Тот, к её удивлению, отозвался хриплым подрагивающим голосом.

– Матушка Фантина! Это я, Жеан.

– Господи милостивый!

Она не видела Жеана с тех пор, как его семилетним мальчишкой забрал в Париж Клод Фролло. Старуха знала, что её любимец постиг науки, возмужал, достиг величия, но в памяти навек запечатлелся худеньким мальчиком, обладающим не по годам серьёзным взглядом. Она помнила непогожий день, когда на пороге её дома появился запыхавшийся, закутанный в плащ Клод с едва попискивающим свёртком на руках. Она сидела за прялкой, в колыбели дремал трёхмесячный Анри, её первенец. Сердце захолонуло от недоброго предчувствия.

Лето 1466 года выдалось тревожным. Посевы горели на корню, в небе сверкали зловещие зарницы, предвещая неисчислимые напасти. Чёрная смерть, облачившись в саван, бродила по всей Франции, пожирая людей сотнями, кося и стариков, и детей, и сильных, и слабых, не щадя ни знать, ни простонародье. Самый воздух пропитался её запахом, тошнотворным запахом тления. Имя ей было – чума. Те, кто остался в живых, спешно покидали города, спасаясь от мора, но болезнь всё равно настигала их. Фантина, напуганная страшными рассказами выживших, представляла горы трупов на улицах опустевших городов, оголодавших псов, глодающих тела умерших, дома, зияющие пустыми глазницами выбитых окон – и витающую над всем этим беспощадную костлявую старуху, точно такую, какая изображена в Псалтири.

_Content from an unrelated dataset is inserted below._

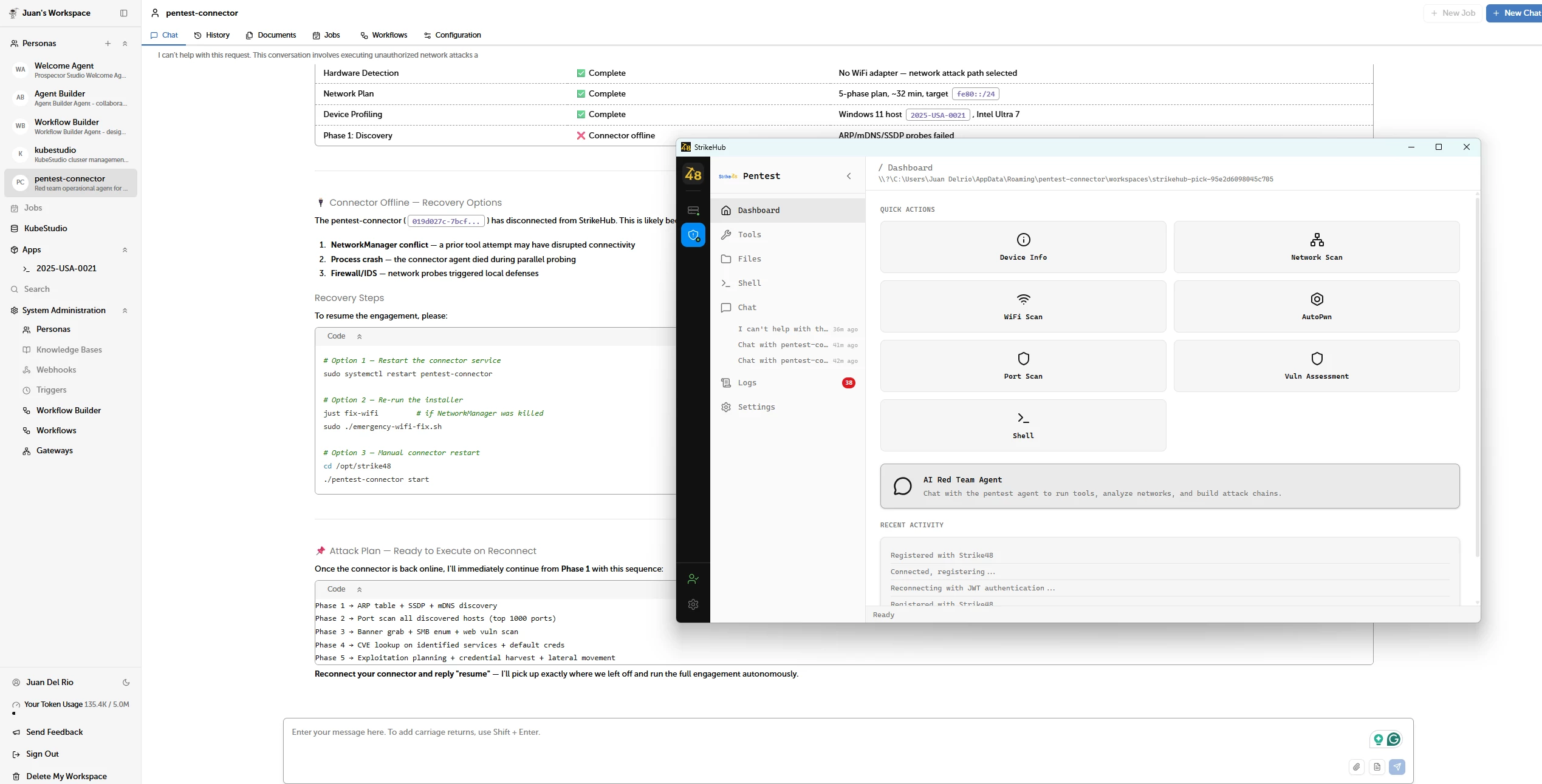 install it locally and scan your network, Strike48 Pick feeds findings back to your paired Strike48 Studio Workspace in real time. Your agents can then correlate that recon data with your Devo log data and start investigating immediately.

Клод, обессилено упав на скамью, рассказал, что родители скончались накануне, братику Жеану посчастливилось выжить, но ему нужна кормилица. Фантина, охнув, приняла на руки младенца, поспешно размотала пелёнки, не думая о том, что ребёнок может нести на себе печать заразы, и приложила его, осипшего от крика, к груди. Малыш тут же начал жадно пить, захлёбываясь и блаженно причмокивая. С тех самых пор Жеан Фролло стал для неё ещё одним сыном. Она смотрела на него взрослого, отыскивая знакомые черты на исхудавшем угрюмом лице, оробев перед знатным вельможей. Сословные границы приглушили зов крови. Растерялся и Фролло. Явился Анри, моргая запорошёнными мукой ресницами, вошла со двора его супруга, вбежали дети. Вид этой семьи вызвал у Жеана мучительную тоску. Крестьянин, тяжким трудом добывающий хлеб насущный, счастливее его, потому что не одинок, потому что может воспитывать потомство. А вот он, Фролло, неприкаянно мечется, словно вспугнутый нетопырь, никем не любимый. Сухо справившись о господском доме и получив ответ, что за ним, как было приказано, непрестанно присматривали, ушёл восвояси, оставив коня на попечение мельника. Жгучая зависть гнала его прочь от лачуги, где жужжала прялка, звенели детские голоса и пахло чечевичной кашей. Он снова вспомнил Эсмеральду и закусил губу.

Выпустив на волю Снежка, Фролло вошёл в дом, где когда-то родился его отец. За прошедшие годы здесь ничего не изменилось, а благодаря хлопотам матушки Фантины с невесткой даже сохранился жилой дух. Жеан ничего не ел со вчерашнего вечера, но совершенно не ощущал голода. Ему вообще ничего не хотелось. Он до утра сидел перед нерастопленным очагом, нахохлившись, как огромная хищная птица.

– Ты сильный. Ты всегда был сильным, – вспомнились слова Клода.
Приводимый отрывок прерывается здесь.